(Dataset records)

Start of Block

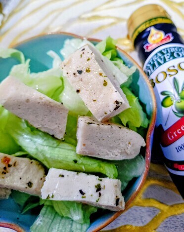 チキンサラダにオリーブオイルを
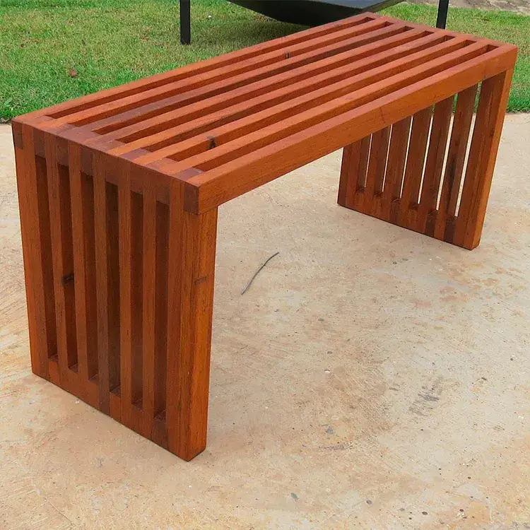 Cada peça é cuidadosamente trabalhada para garantir durabilidade e resistência, com acabamento protetivo que preserva a beleza da madeira. Escolha o Banco Ripado em Madeira Mista para um toque de elegância rústica e sustentabilidade no seu espaço.
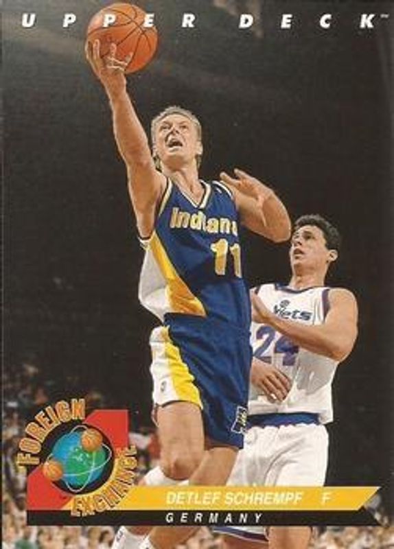 The Detlef Schrempf 1992 Upper Deck French #81 Base card is 1 of 4 Detlef Schrempf's card variations in the 1992 Upper Deck French set being tracked by Sports Card Investor, including #12 Base, #176 Base, and #EB4 Award Winner Holograms.
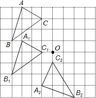 分析:(1)根据网格结构分别找出点A、B、C平移后的对应点A1、B1、C1的位置,然后顺次连接即可,再找出△A1B1C1绕点O逆时针旋转90°后的对应点A2、B2、C2的位置,然后顺次连接即可;
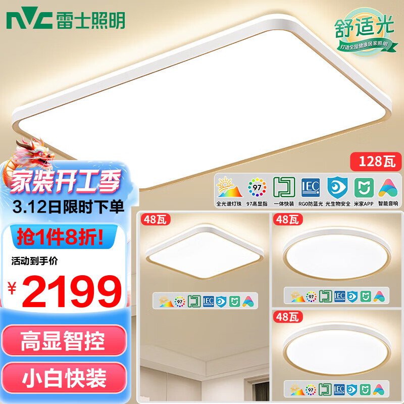 雷士(NVC)LED吸顶灯现代简约客厅卧室书房餐厅灯具全屋智控小白灯快装沐光D价格:2748.00元!
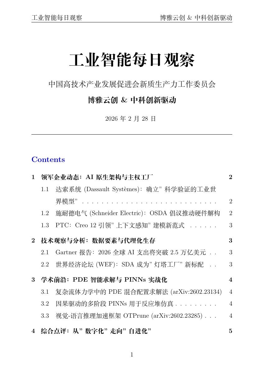 在2026年2月的最后24小时内,全球工业智能化领域正在经历一场从“数字化转型”到“自治化重构”的范式迁徙。如果说2025年是工业大模型的探索年,那么今日(2026年2月28日)的一系列动态则标志着“软件定义自动化 (SDA)”与“代理式AI (Agentic AI)”正式接管工厂底座。物理规律与数据逻辑正在通过“科学验证的工业世界模型 (Scientific-validated Industry World Models)”实现前所未有的合流。以下是为您整理的过去24小时行业最前沿观察。
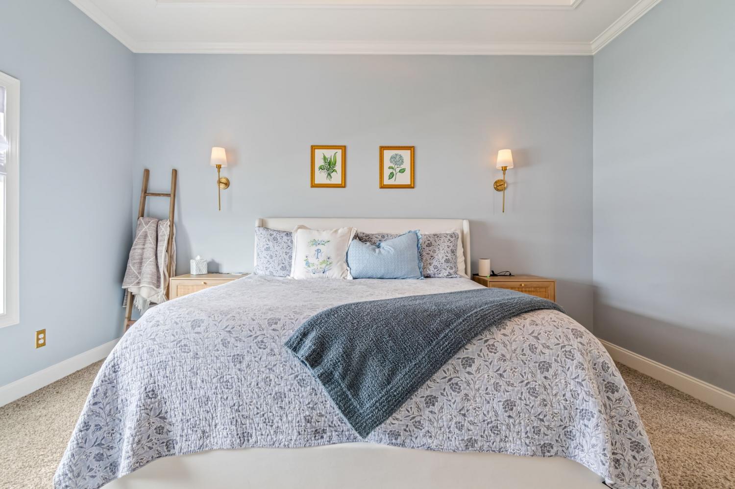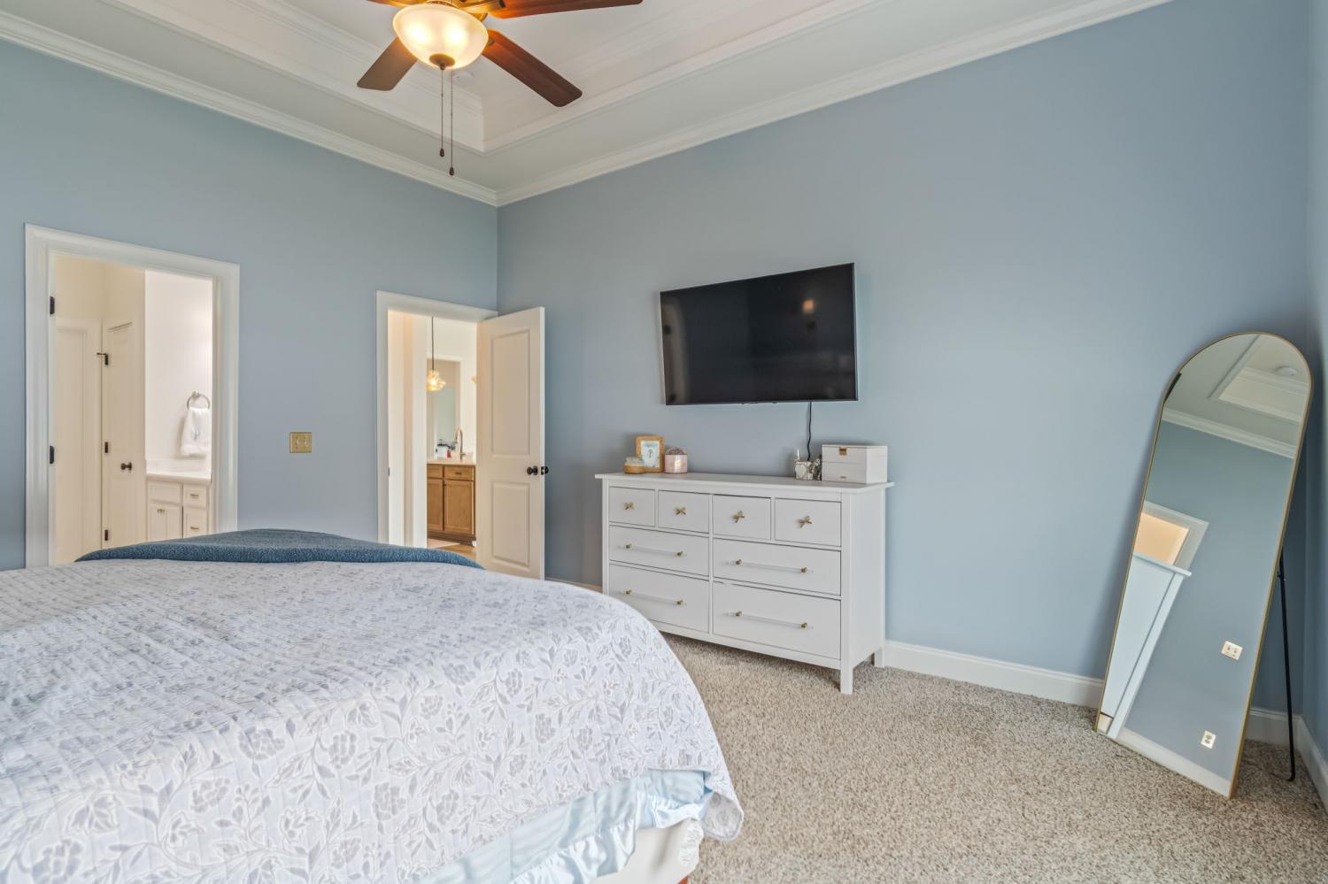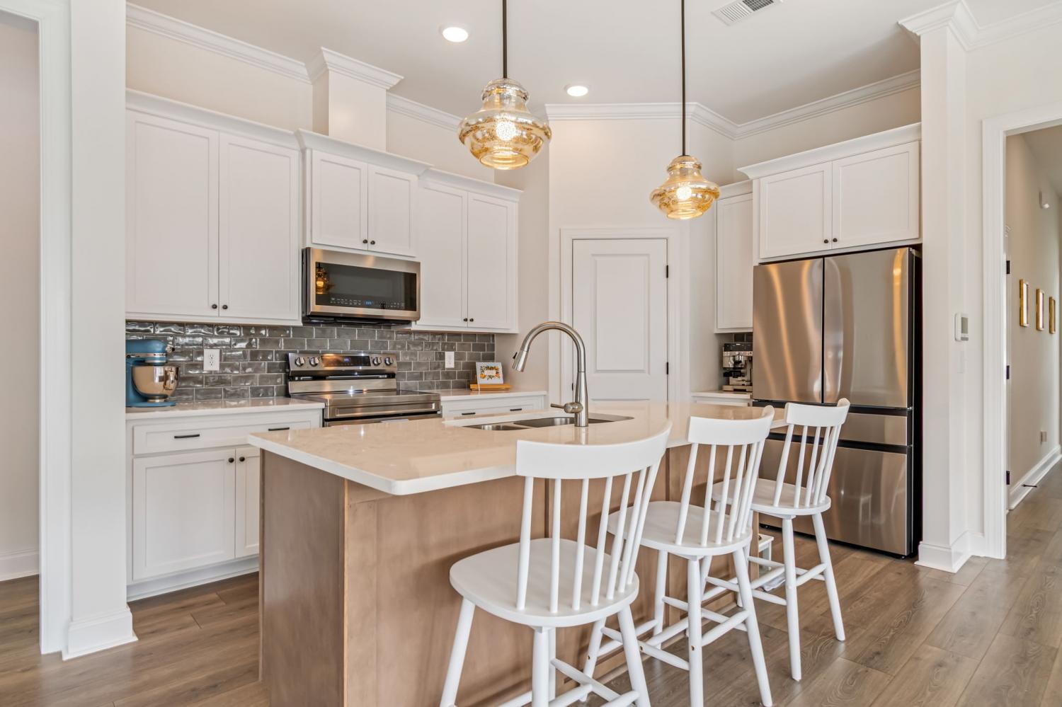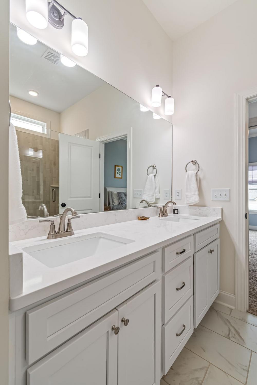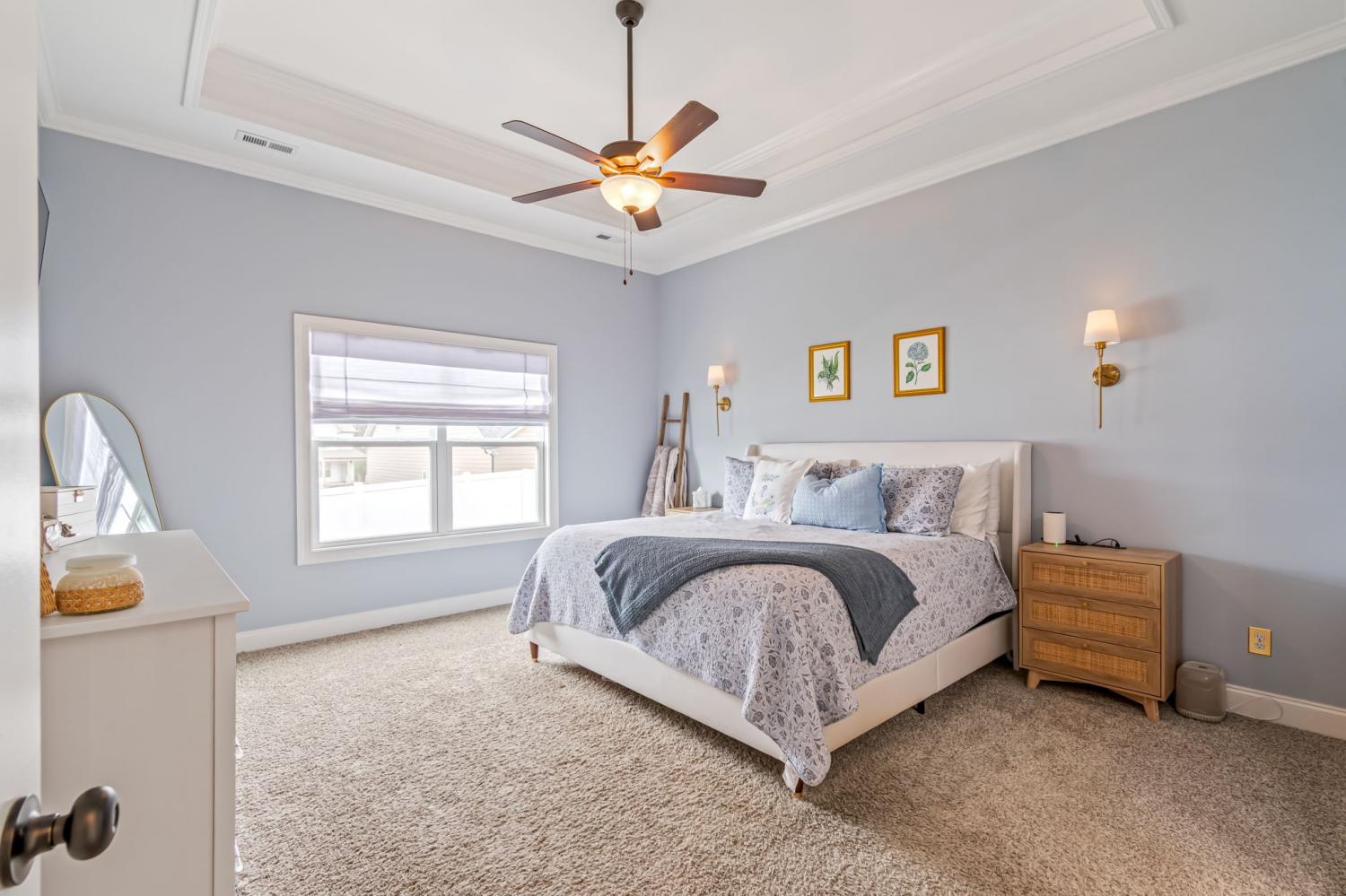 Move-in ready and like-new home in the highly desirable and rapidly growing Brentwood area! This charming open-concept home welcomes you with a soaring entryway and abundant natural light from extra windows that brighten the spacious great room, kitchen and dining areas. Situated on a desirable corner lot, the home features quartz countertops throughout, a Smart Home Hub and Ring doorbell system, concrete driveway and a cozy rocking chair front porch! The main-level primary suite offers an oversized spa-style shower, double vanities and a walk-in closet. Upstairs you will find a large bonus room-perfect for those media-centered gatherings, a generous landing ideal for a study or office space, and two bright bedrooms with walk-in closets. The backyard is fully fenced for privacy and includes a cozy covered patio—perfect for relaxing evenings and sunset views. The HOA covers lawn maintenance along with mulching and fertilizing! Walkable to groceries, shopping, and dining for exceptional everyday convenience.
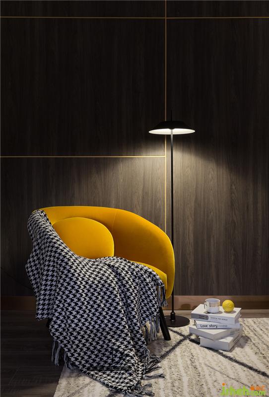 客廳是由吧臺(tái)和硬包床頭“圍起來(lái)”的空間,整體造型簡(jiǎn)潔,木飾面板+不銹鋼收口線,重慶設(shè)計(jì)師賦予了空間延伸感,讓空間不再局促。舒適的沙發(fā),氛圍恰當(dāng)?shù)拈喿x角,黃色單椅成為了點(diǎn)睛之筆。
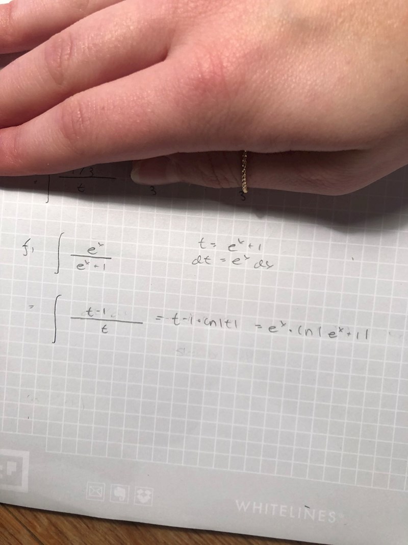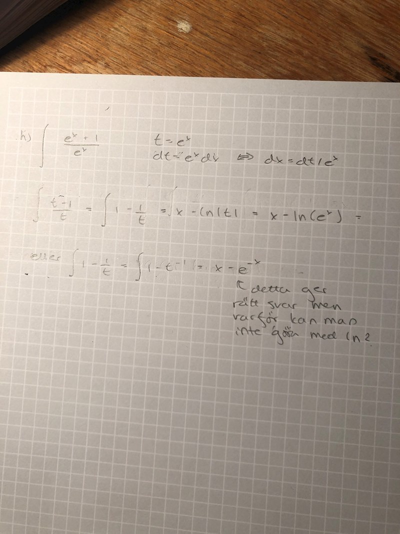 Först nu såg jag din bild, den kom senare. dx = dt/ (t–1) så uttrycket du ska integrera blir

End of Block

Task statement -> Please write every line above out exactly as given, except for any pictures.

Result ->
 チキンサラダにオリーブオイルを
 Cada peça é cuidadosamente trabalhada para garantir durabilidade e resistência, com acabamento protetivo que preserva a beleza da madeira. Escolha o Banco Ripado em Madeira Mista para um toque de elegância rústica e sustentabilidade no seu espaço.
 The Detlef Schrempf 1992 Upper Deck French #81 Base card is 1 of 4 Detlef Schrempf's card variations in the 1992 Upper Deck French set being tracked by Sports Card Investor, including #12 Base, #176 Base, and #EB4 Award Winner Holograms.
 分析:(1)根据网格结构分别找出点A、B、C平移后的对应点A1、B1、C1的位置,然后顺次连接即可,再找出△A1B1C1绕点O逆时针旋转90°后的对应点A2、B2、C2的位置,然后顺次连接即可;
 雷士(NVC)LED吸顶灯现代简约客厅卧室书房餐厅灯具全屋智控小白灯快装沐光D价格:2748.00元!
 在2026年2月的最后24小时内,全球工业智能化领域正在经历一场从“数字化转型”到“自治化重构”的范式迁徙。如果说2025年是工业大模型的探索年,那么今日(2026年2月28日)的一系列动态则标志着“软件定义自动化 (SDA)”与“代理式AI (Agentic AI)”正式接管工厂底座。物理规律与数据逻辑正在通过“科学验证的工业世界模型 (Scientific-validated Industry World Models)”实现前所未有的合流。以下是为您整理的过去24小时行业最前沿观察。
 Move-in ready and like-new home in the highly desirable and rapidly growing Brentwood area! This charming open-concept home welcomes you with a soaring entryway and abundant natural light from extra windows that brighten the spacious great room, kitchen and dining areas. Situated on a desirable corner lot, the home features quartz countertops throughout, a Smart Home Hub and Ring doorbell system, concrete driveway and a cozy rocking chair front porch! The main-level primary suite offers an oversized spa-style shower, double vanities and a walk-in closet. Upstairs you will find a large bonus room-perfect for those media-centered gatherings, a generous landing ideal for a study or office space, and two bright bedrooms with walk-in closets. The backyard is fully fenced for privacy and includes a cozy covered patio—perfect for relaxing evenings and sunset views. The HOA covers lawn maintenance along with mulching and fertilizing! Walkable to groceries, shopping, and dining for exceptional everyday convenience.
 客廳是由吧臺(tái)和硬包床頭“圍起來(lái)”的空間,整體造型簡(jiǎn)潔,木飾面板+不銹鋼收口線,重慶設(shè)計(jì)師賦予了空間延伸感,讓空間不再局促。舒適的沙發(fā),氛圍恰當(dāng)?shù)拈喿x角,黃色單椅成為了點(diǎn)睛之筆。
 Först nu såg jag din bild, den kom senare. dx = dt/ (t–1) så uttrycket du ska integrera blir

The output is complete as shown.